康福一愣:“家父所取,取‘康泰福澤’之意。”
“那你可知,你弟弟為什麼叫康祿?”
“這……”
“康泰福祿。”曾國藩緩緩道,“你父親給你們兄弟取名時,想必是希望你們一生安康,福祿雙全。可惜,命運弄人。”

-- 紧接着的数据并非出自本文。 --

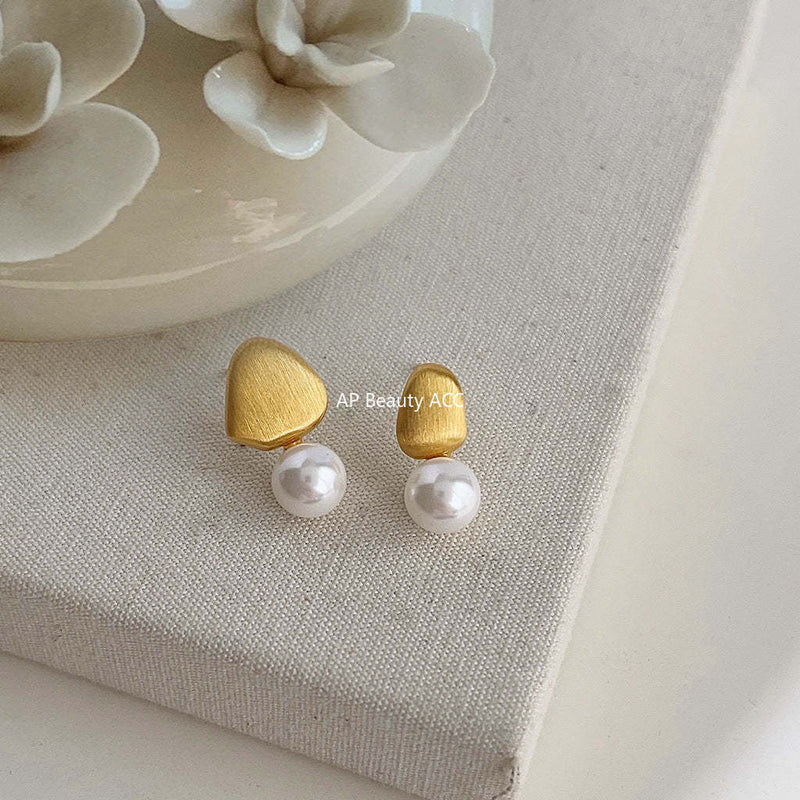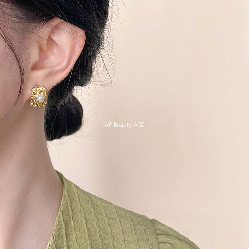 C관 - 기하학 텍스처 14K 도금 진주 심플 세련된 귀걸이 [4399] 24.07-1

他放下茶盞,聲音很輕:“你從軍十八年,大小百餘戰,身上二十七處傷。你弟弟從賊十載,殺人無數,最後成了階下囚。福在哪裡?祿在何處?”
康福眼圈紅了。
“大帥……”
“我不是責怪你。”曾國藩搖搖頭,“我是說,有時候,名字隻是一廂情願。就像這棋盤上的棋子,叫‘車’也好,叫‘馬’也罷,終究隻是棋子。怎麼走,往哪走,由不得自己。”
他拈起康福被吃掉的那個“象”,摩挲著棋子上的刻痕:
“就像這枚象,它想守土護疆,但棋手要它死,它就得死。它想保的‘將’,想護的‘士’,最後可能一個都護不住。”
康福的呼吸急促起來。
他聽懂了。
曾國藩不是在說棋,是在說人。在說他,說康祿,說這場持續了十幾年、死了幾百萬人的戰爭。
“大帥,”他聲音發顫,“末將的弟弟……還有救嗎?”
曾國藩沒有直接回答。他看向棋盤,看了很久,忽然問:“你會下盲棋嗎?”
“盲棋?”
“就是不看棋盤,全憑記憶。”曾國藩閉上眼睛,“來,我們下一盤盲棋。”
康福不明所以,但還是應道:“好。”
“炮二平五。”曾國藩開局。
“馬八進七。”康福應對。
兩人一來一往,都不看棋盤,全憑腦中推演。棋步越來越快,殺伐越來越烈。
第十步時,曾國藩突然走了一步怪棋:“車九進一。”
康福愣住了。這一步,等於把車送到了對方馬的嘴邊,是明顯的敗著。
“大帥,您這步……”
“繼續。”曾國藩閉著眼。
康福隻好跟進:“馬二進三,吃車。”
“炮八進四,將軍。”
“士六進五。”
“炮五進四,再將軍。”
康福腦中飛快推演,然後發現……絕殺了。